I understand that. Please answer the question.

3:55 p.m.

Conservative

Leona Aglukkaq Conservative Nunavut, NU

And if you would like to support that motion—

3:55 p.m.

Liberal

Ujjal Dosanjh Liberal Vancouver South, BC

Please answer the question.

3:55 p.m.

Conservative

Leona Aglukkaq Conservative Nunavut, NU

There's a motion before you today.

3:55 p.m.

Liberal

Ujjal Dosanjh Liberal Vancouver South, BC

That's not your motion.

3:55 p.m.

Conservative

Leona Aglukkaq Conservative Nunavut, NU

It's a motion that—

3:55 p.m.

Liberal

Ujjal Dosanjh Liberal Vancouver South, BC

Yes, I understand that, but please answer the question. Did you think this committee wasn't capable of doing that job at that time? Have you changed your mind now?

3:55 p.m.

Conservative

Leona Aglukkaq Conservative Nunavut, NU

I thought the Senate committee did a fantastic job in reviewing the pandemic plan, and I welcome its constructive feedback in improving the pandemic health response for Canada.

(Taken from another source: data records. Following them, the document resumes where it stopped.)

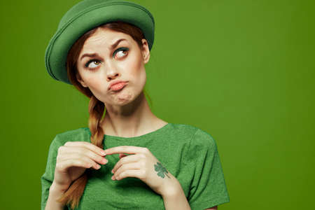 st patricks day happy woman green t-shirt hat shamrock holidays fun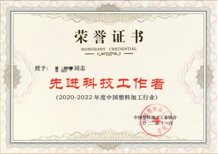 1名研發(fā)人員榮獲“2020-2022年度中國塑料加工行業(yè)先進(jìn)科技工作者”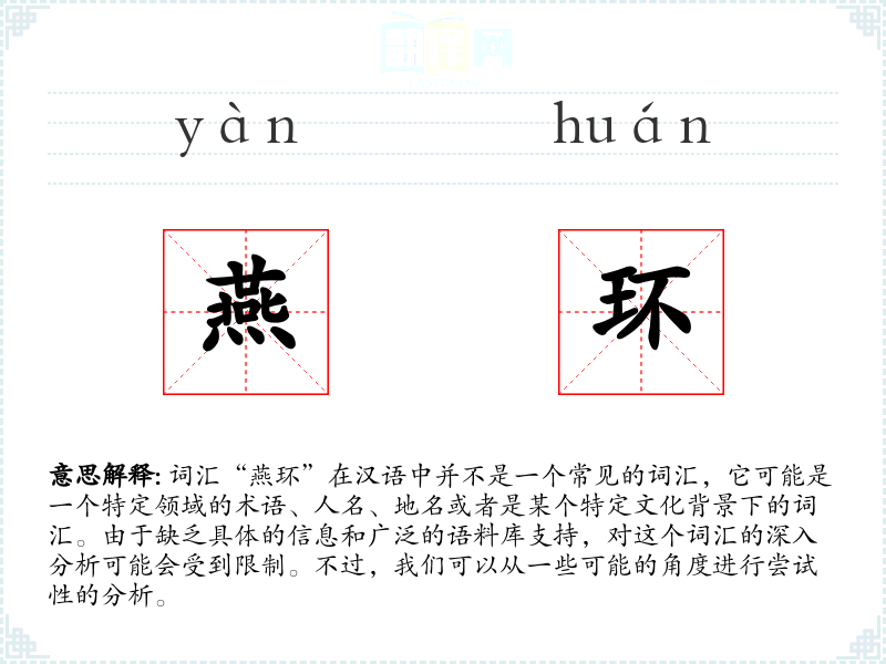 如果“燕环”是一个特定文化或历史背景下的词汇,了解其词源可能需要深入研究相关的历史文献或文化资料。
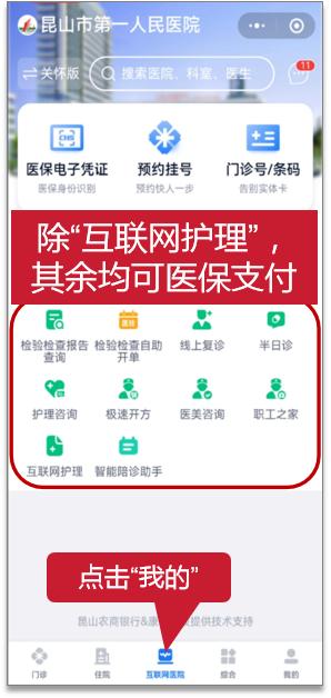 即日起,昆山市第一人民医院的互联网医院打通医保支付功能,实现医保在线结算,主要服务于长期慢性病的参保患者,提供在线复诊配药、检验检查、医保在线支付和药品配送上门等服务。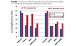 For this particular RA, the results shown in Figure 3 indicate that it produces the strongest anti-sag performance with butanol (BuOH) as the paint solvent at both incorporation temperatures. The initial performance is reasonably stable after accelerated aging. However, when methyl amyl ketone (MAK) or xylene is the paint solvent, the initial sag performance is greatly reduced relative to the BuOH. Based on the results, both the solvent type and the paint processing temperature have a strong influence on the RA sag resistance and accelerated aged performance stability. The removal of the solvent altogether for the 100%-solids coating reduced the sag resistance performance of the RA for both paint mixing temperatures at which they were prepared. These results are specific to this particular RA, paint process and paint formula. An idealized RA would be one that was robust and works well for a wide variety of formulas, processes and temperatures.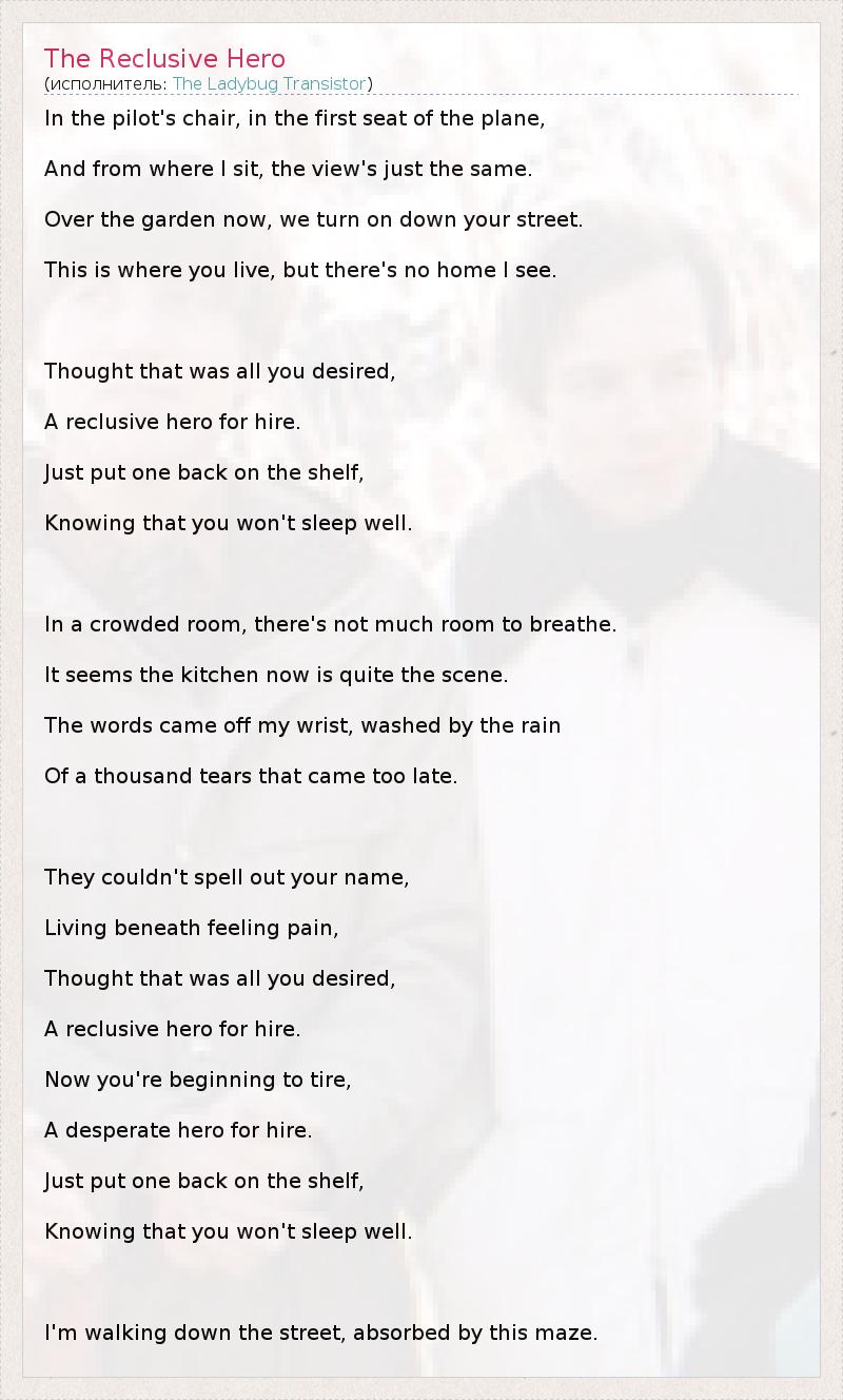 А как ты думаешь, о чем песня "The Reclusive Hero" ?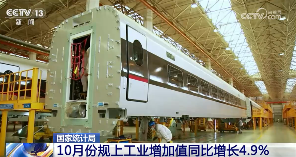 工業(yè)生產總體穩(wěn)定,10月份規(guī)模以上工業(yè)增加值同比增長4.9%,繼續(xù)保持總體穩(wěn)定增長。其中,裝備制造業(yè)增加值增長8%,明顯快于規(guī)模以上工業(yè)增長,對規(guī)模以上工業(yè)增長支撐作用明顯。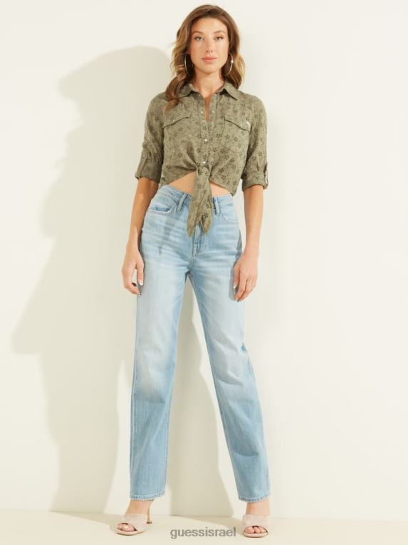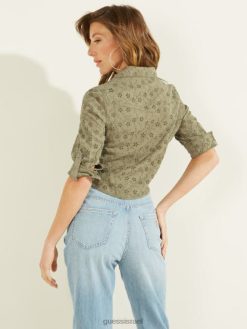 GUESS נשים חולצת ג’ינס עילית F8RV291 לבוש ירוק פרח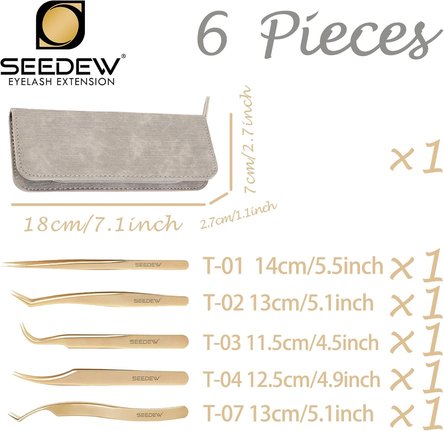 • ⭐【Premium And Classic】SEEDEW stainless steel golden tweezers have texture, smooth surface, classic and elegant style. A basic tweezer set, an unmistakable choice for eyelash artist beginners.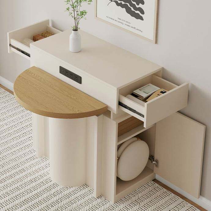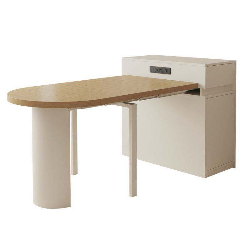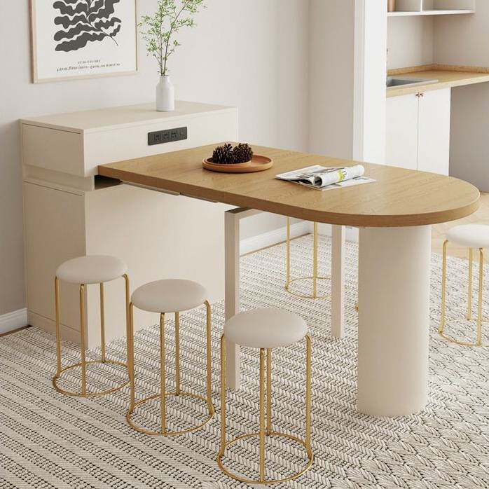 📚 奶油风岛台餐桌一体家用可伸缩半圆桌椭圆可折叠餐桌小户型饭桌椅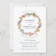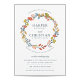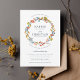 Folha de outono e flor elegantes inspiraram design de convite para casamento de Shelby Allison apresentando uma delicada coroa de folhagem de outono em laranja queimada, amarelo-mostarda, azul-marinho e rosa-rosado.

You have a motion before you today, and you can support the motion if you want to conduct the 2014 health accord review.

3:55 p.m.

Liberal

Ujjal Dosanjh Liberal Vancouver South, BC

Now, in the budget it specifically mentions that the government is providing a 6% increase to the health transfers. Can you confirm that is the increase that's embedded in the 2004 accord, that the 6% you are providing is nothing more than what was agreed to between the Prime Minister and the premiers in 2004?

3:55 p.m.

Conservative

Leona Aglukkaq Conservative Nunavut, NU

Six percent is as per the health accord, but in addition to that we've made significant investments...the $250 million in cancer research, the research funding—

3:55 p.m.

Liberal

Ujjal Dosanjh Liberal Vancouver South, BC

I understand that.

3:55 p.m.

Conservative

Leona Aglukkaq Conservative Nunavut, NU

In addition to all of that, there's other investments, wait times—

3:55 p.m.

Conservative

The Chair Conservative Joy Smith

Let her finish.

3:55 p.m.

Conservative

Leona Aglukkaq Conservative Nunavut, NU

To the question on the health accord, yes, but in addition to that, there have been a number of investments in the 2010 budget and in the 2011 budget as well.